YAKE! Keyword Extraction from Single Documents using Multiple Local Features.
Information Sciences 509 (2020), 257-289.
DOI:
10.1016/j.ins.2019.09.013
Yaket aims to preserve the core YAKE behavior where practical, while adapting the implementation to JavaScript/TypeScript runtimes and edge-compatible packaging.
Why use it
- Upstream-shaped YAKE core:
KeywordExtractor,DataCore,SingleWord,ComposedWord, and the core scoring/dedup flow are implemented in TypeScript. - Edge-safe extraction path: stopwords are bundled, and the extraction core avoids Node-only runtime dependencies.

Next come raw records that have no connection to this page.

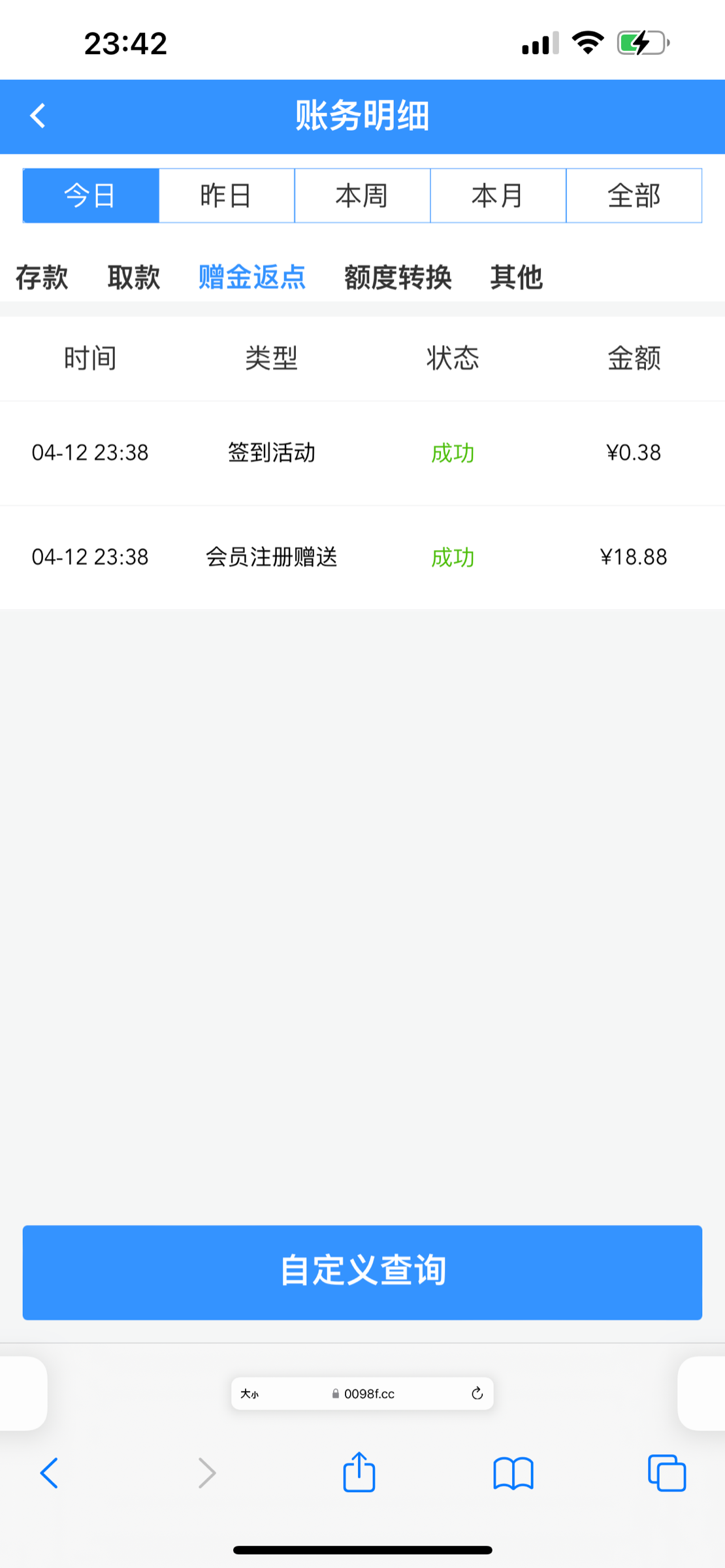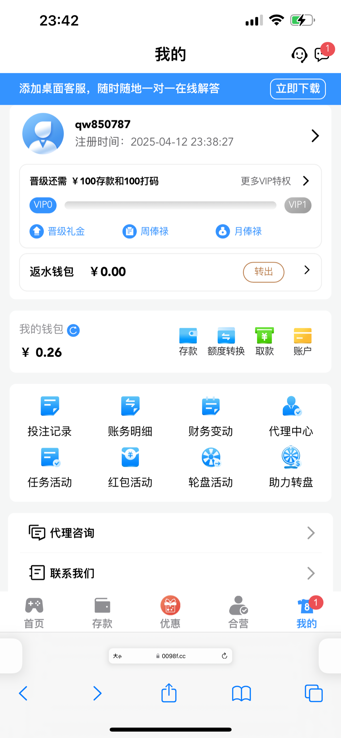 去年年底注册了,有13.88回访彩金,但是还是要中出你
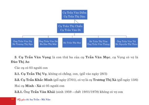3. Cụ Trần Văn Vọng là con thứ ba của cụ Trần Văn Mục, cụ Vọng có vợ là
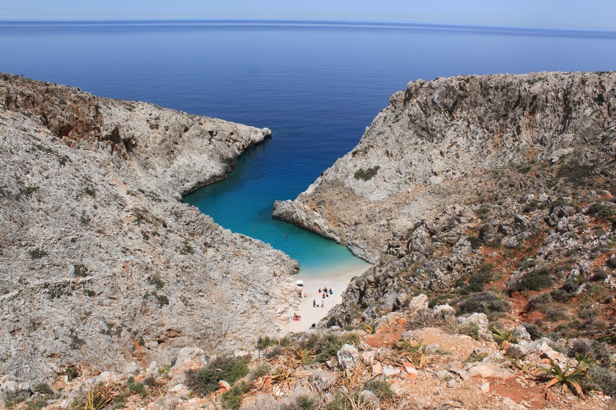 Севернее городка Ханья, что на Крите, есть небольшой полуостровок. Если двигаться на восточную его часть, можно найти небольшую живописную бухточку среди скал. Добраться до нее не так то просто. Горный серпантин с уклоном под 45 градусов. Узкая дорога, по которой с трудом могут разъехаться 2 легковых машины. После этого еще надо будет спуститься по козьим тропам до самого пляжа. Много вещей взять не получится. Дети тоже вряд ли смогут туда спуститься. Ну лучше им туда и не ходить, а то могут задавать вопросы - почему здесь тети загорают голышом. Местечко восхитительное. Метка для поиска - Seitan limania beach.
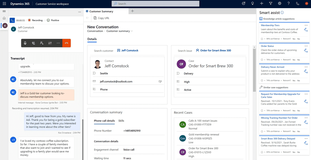 Les capacités vocales natives améliorent la cohérence du service. Les responsables suivent la performance des flux téléphoniques, identifient les variations de charge et ajustent les ressources en quelques actions. L’ensemble crée une expérience voix plus stable, plus intelligente et totalement intégrée au reste de l’écosystème Dynamics.
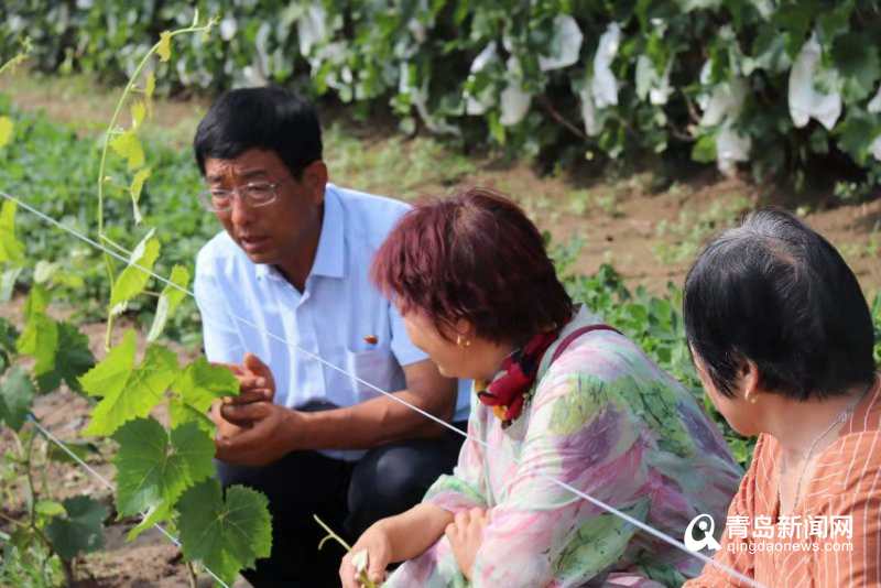 莱西市日庄镇沟东新村党支部书记高维玉(左一)与村民一起查看葡萄长势。

- Pipeline-friendly API: one-shot extraction, reusable extractor instances, Bobbin-compatible adapter output, and document-oriented helpers are all available.
- Surface-form preserving results: returned
keywordvalues keep the observed case from the source text, whilenormalizedKeywordcarries the normalized matching form for downstream logic. - Verification-heavy: regression fixtures, Python parity checks, property-based tests, Cloudflare runtime tests, and a benchmark harness are checked in.
30-Second Summary
Yaket extracts weighted keywords from a single document using a YAKE-style local-feature pipeline.
It is designed for cases where you want:
- a deterministic keyword extractor
- no LLM dependency
- browser/edge compatibility
- a practical JavaScript alternative to the Python YAKE package
Quick Start
Requires Node.js 20+
npm install @ade_oshineye/yaketimport { extract } from "@ade_oshineye/yaket";
const keywords = extract(
"Google is acquiring data science community Kaggle.",
{ language: "en", n: 3, top: 5 },
);
console.log(keywords);Expected shape:
[
["science community Kaggle", 0.022868570857866696],
["community Kaggle", 0.04778970771086575],
]Installation
Install from npm:
npm install @ade_oshineye/yaketThe package ships ESM output and exposes Worker/browser-safe entry points:
@ade_oshineye/yaket@ade_oshineye/yaket/browser@ade_oshineye/yaket/worker
Usage
Algorithm Summary
At a high level, Yaket:
- preprocesses text into sentences and tokens
- generates single-word and multi-word candidates up to
n - scores single words using local YAKE-style features such as frequency, spread, position, casing, and co-occurrence-derived relations
- scores composed phrases from those single-word scores
- deduplicates the ranked list with
seqm,levs, orjaro
See docs/architecture.md for the pipeline structure and docs/algorithm-drift.md for known deviations from upstream YAKE.
Options Reference
Common options:
| Option | Meaning | Default |
|---|---|---|
| language | language code | en |
| n | maximum n-gram size | 3 |
| top | number of results to return | 20 |
| dedupFunc | dedup function (seqm, levs, jaro) | seqm |
| dedupLim | dedup threshold | 0.9 |
| windowSize | co-occurrence window | 1 |
| stopwords | explicit stopword iterable override | bundled set for lan |
For the complete public API, see docs/api-reference.md.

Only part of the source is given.